Выбрать главу

У меня — лишь наметки. Пунктир чертежа эстетики, открывающейся нам по мере осмысления прошлого и строительства наших надежд. Но уверен я, что стою на перспективном пути.

Расскажу иноземцам о «Капитанской дочке», о «Свирели» Чехова и трактате Толстого «В чем моя вера?». Все они поставили вопросы всемирные, и заморские гости — благодарнейшее сообщество для приведения этих вопросов в систему.

Интерес к российской словесности там, на Западе, неуклонно растет, как бы сами мы одно время ни старались этому помешать: аспирант из Айовы вдруг вздумал писать диссертацию об Андрее Болотове, баскетбольного роста обаятельный верзила-бельгиец — о новеллах Владимира Одоевского «Русские ночи». И в числе несомненных успехов зарубежной русистики то, что она никогда не рассматривала историю нашей литературы как историю только лишь классиков. Как победное шествие их от шедевра к шедевру; предрассудок, заданный науке средней школой, объективно — какое-то высокомерие; ниже гениев знать никого не желаем. А на Западе штудируют нашу словесность дотошнее. В чем-то тщательнее, пристальнее, хотя, может быть, с точки зрения теории как-то скованнее. Это странно: мы-то скованы были директивной единой методологией, защищавшей себя с невиданным фанатизмом, всеми средствами: от ввержения инакомыслящих за колючую проволоку до гражданского убиения их злобной кличкой, каким-нибудь нелепым, но клейким словцом. А у наших зарубежных коллег — плюрализм как обычное, норма. Но при нем, однако, внутренняя несвобода. Вероятно, вместе преодолеем ее.

Справедливо говорим мы о всемирной отзывчивости русской литературы. Только больно уж много о ней говорим. И с такими интонациями, будто это лично каждый из нас всю ее написал.

Да, отзывчивость есть. Но есть и отзывчивость нам в ответ.

«Рут, — спросил я у Рут Видмер, умной девушки, швейцарки-русистки, — а почему вы начали заниматься нашей литературой?»

Этим очень однообразным вопросом донимаю я всех иноземцев. Чуть поближе сойдемся, я тотчас: «А почему?..»

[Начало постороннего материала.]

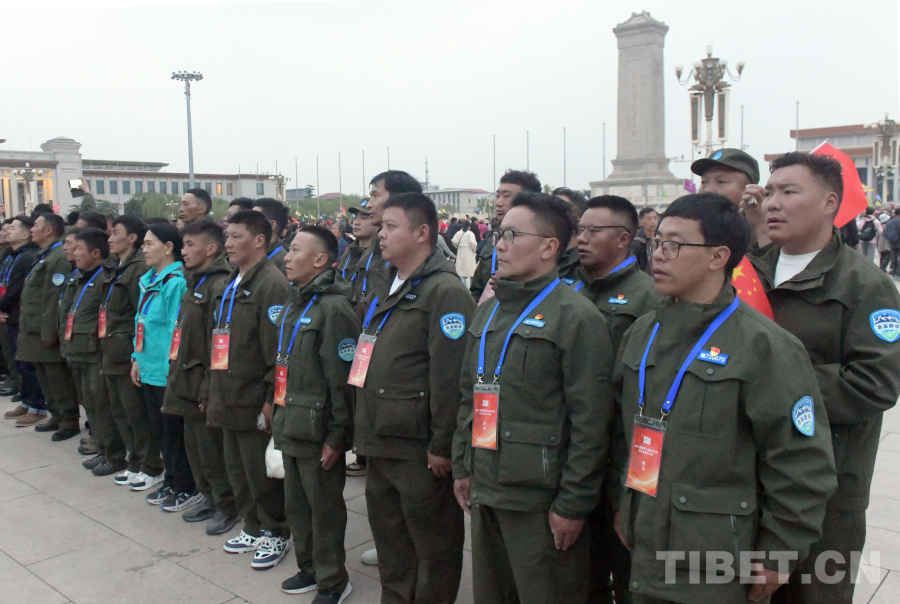 當日凌晨,懷著萬分激動的心情,來自西藏羌塘、珠穆朗瑪峰國家級自然保護區(qū)的野保員一大早就來到了天安門廣場,等候國旗冉冉升起的那一刻。

Отвечали по-разному. И по мере того как я становился, если можно так выразиться, все выезднее, нарастала и пестрота ответов. Отвечали, что существующие переводы на финский «Преступления и наказания» Достоевского неудачны и что надо бы перевести роман наново. Отвечали по-западному трезво и прагматично: хочу работать в какой-нибудь солидной фирме, на совместном предприятии, потому что экономические связи будут укрепляться, расти. А в Финляндии среди моих студентов был однажды и пятидесятилетний… хозяин огромной гостиницы. Для него наш русский язык. — едва ли не шестой или седьмой из тех, которыми он свободно владеет. Он хотел оказаться на высоте перед гостями из нашей страны, а пока что, сидя за партой рядом с восемнадцатилетними девочками, без малейшей тени смущения выявлял все в том же романе мотив… камня. Рут ответила всех неожиданнее: «Когда я училась в гимназии, вашу страну все ругали. Все-все: правые, левые. И мне очень захотелось узнать, что же это за такая страна…»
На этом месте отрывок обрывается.